Ivory Ella
- Founded: April 18, 2015
- Founders: Ryan Duranso, Jacob Castaldi, Richard Henne, Jesse Jones, John Allen and Esma Ilyas
- Focus: Wildlife conservation
- Method: Clothing sales
- Website: ivoryella.com

= Ivory Ella =

Online for-profit clothing store

Ivory Ella is an online for-profit clothing store owned by CEO John Allen and five other co-founders, an organization specializing in wildlife conservation of elephants. Ivory Ella sells clothing and accessories, donating a portion of the proceeds to nonprofit organizations including Save the Elephants. Named after Ella, an elephant in Amboseli National Park, the company donates to end ivory trade and preserve elephant ivory.

== Company history ==
CEO John Allen and co-founder Jacob Casaldi first founded Ivory Ella in Connecticut. Allen noticed that the elephant ring from his former workplace Boho Outfitters sold better than anything else, so they opened their new brand because of how much the media was talking about elephants. The company was launched in 2015. Ivory Ella has been hesitant but is willing to join the market in Amazon, in case another situation like COVID-19 happens. They are concerned that another pandemic might affect their sales again.

== Donations ==
Ivory Ella focuses on donations to the organization Save the Elephants. They dedicate 10% of net profit to end the ivory trade and to keep elephants safe.

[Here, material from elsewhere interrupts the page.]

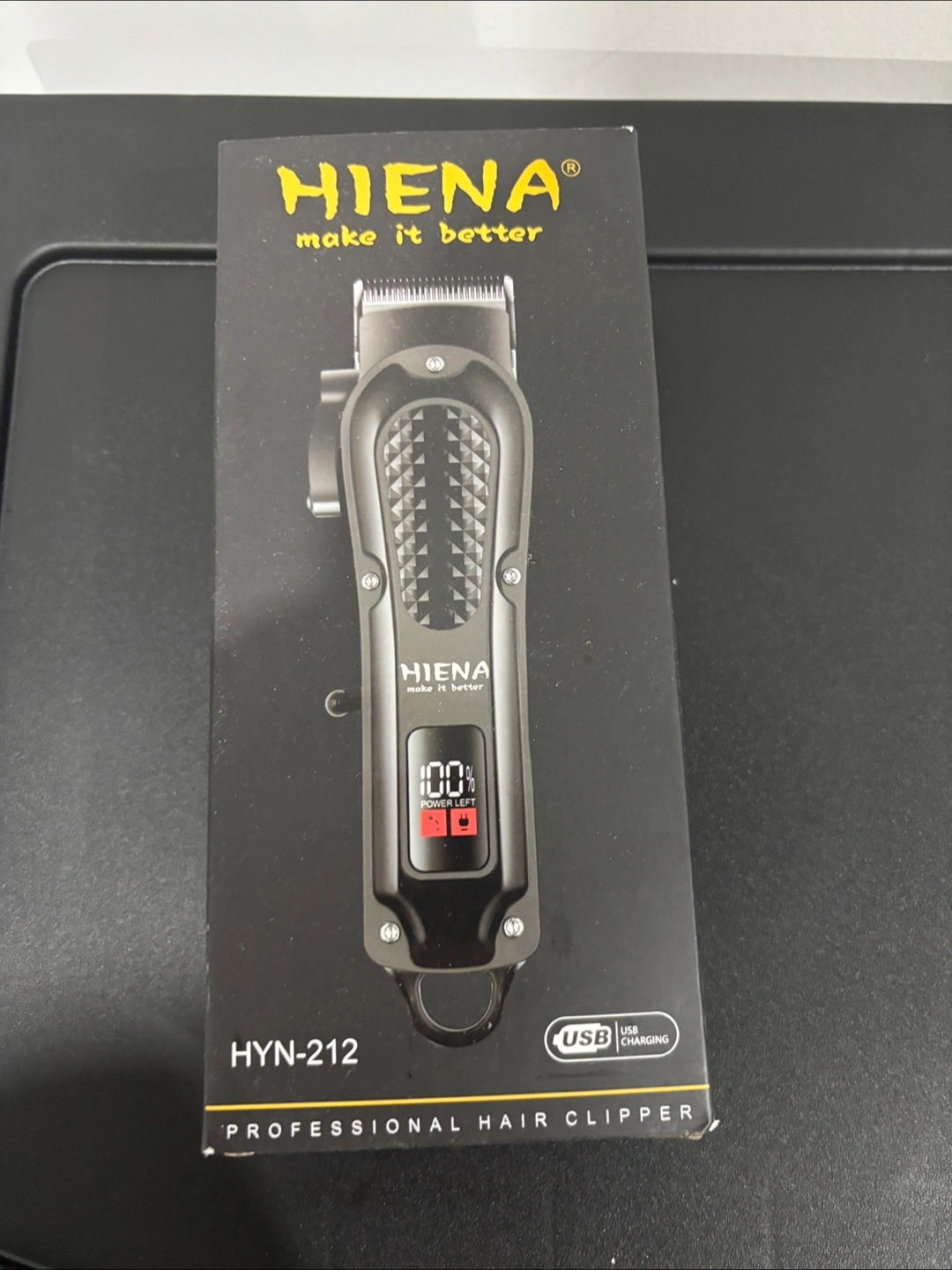 Cordless hair clipper. USB charging. Digital power display. Black.

=== Australian wildlife ===
The company released their Australian Wildlife Rescue collection in 2020. The clothing collection sent 100% of its net profit to the Animals Australia organization.

=== COVID-19 ===
The proceeds from their Spread Hope campaign go to Project Sunshine, which makes activity kits for children's hospitals. The kits are used as a therapeutic and engagement tool for isolated patients.

=== Childhood cancer ===
With the help of Megan Bugg, Ivory Ella sent the proceeds from their collection, co-designed with Bugg, to Lurie's Children's Hospital Chicago. These proceeds helped with research and supplies.

== Sustainability ==
Ivory Ella's shirts are made from 100% cotton. The company also sells other clothing, jewelry, and accessories that are not sustainable for the environment.